Op naar Bantam!
Geplaatst
op 15 november 2019 om 20:07 uur
Hallo, hier is een beetje over mijn reis naar Bantam: Reisverslag 2
Op 25 oktober 1616 is het schip de Eendracht van Amsterdam hier aangekomen. Het was een doodgewone tinnen schotel, maar ik had hem plat laten slaan om als aandenken in het lege land te plaatsen.
Mijn naam kwam op het bord: “Dirk Hartog”, die van de opperkoopman aan boord, Gillis Miebais, en die van de onderkoopman en de eerste stuurman. Zij waren de eerste Europeanen die een teken achterlieten in het geheimzinnige Zuidland, of Terra Australis, waar iedere zeevaarder wel van had gehoord, maar waar nog nooit iemand was geweest.

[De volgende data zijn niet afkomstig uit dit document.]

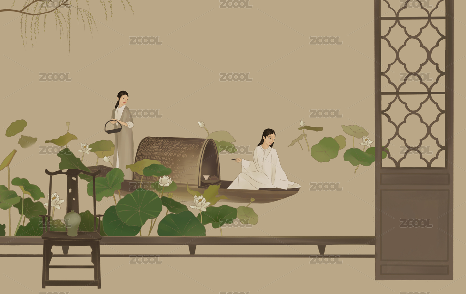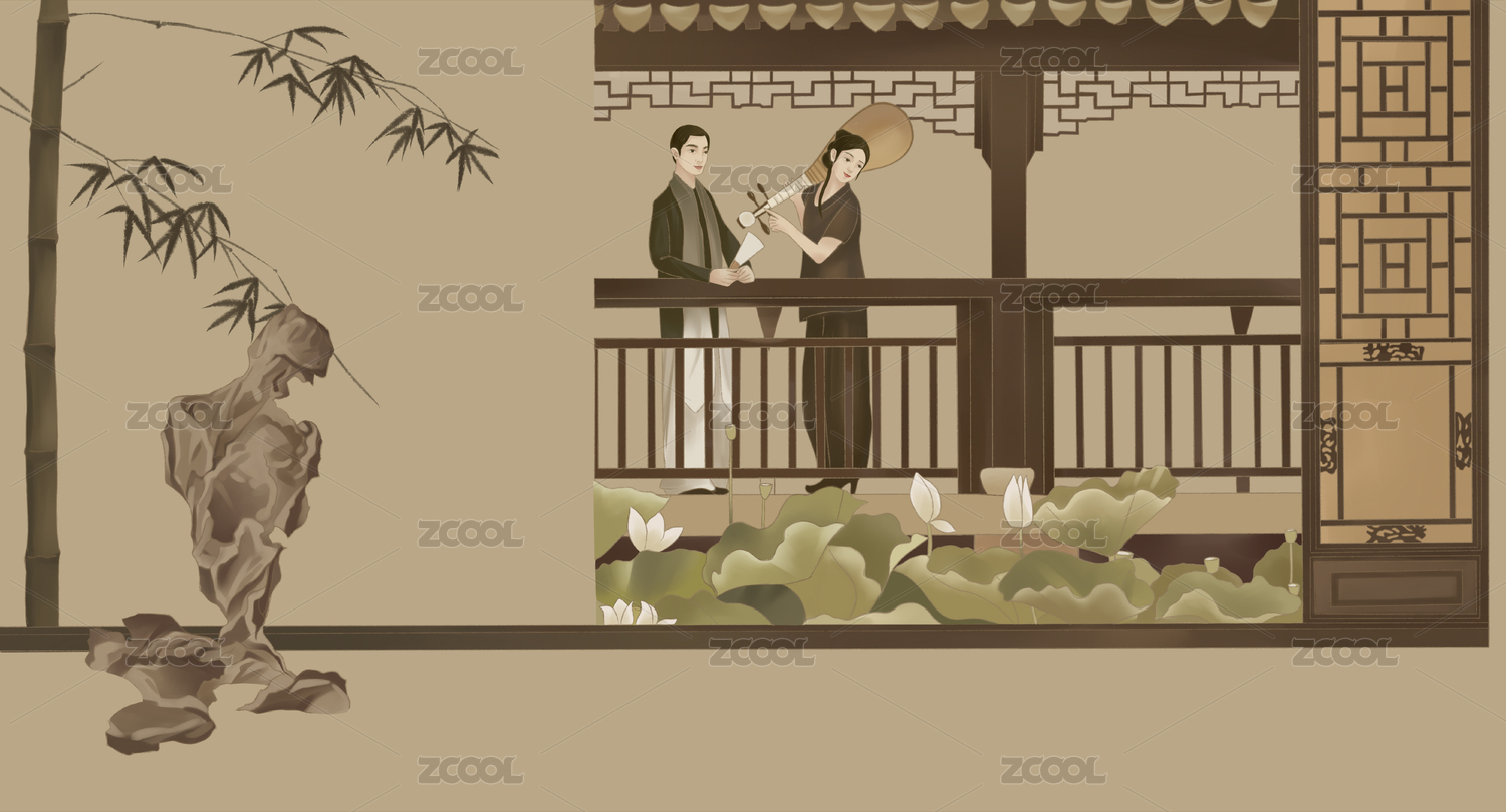 手繪古風(fēng)復(fù)古工筆淡彩風(fēng)全身人物

Ik werd schipper op het gloednieuwe schip de Eendracht, dat het jaar ervoor op de Amsterdamse werf van de VOC was gebouwd. Op 23 januari 1616 vertrok de Eendracht in een vloot van zes schepen van Texel via Kaap de Goede Hoop naar Bantam, aan de westkant van Java.
Onderweg raakte de Eendracht de andere schepen kwijt. Ik besloot toen een pas ontdekte en snellere route naar Java te nemen. In plaats van de kustlijn te volgen voer het schip vanaf Kaap de Goede Hoop zo'n zevenduizend kilometer naar het oosten.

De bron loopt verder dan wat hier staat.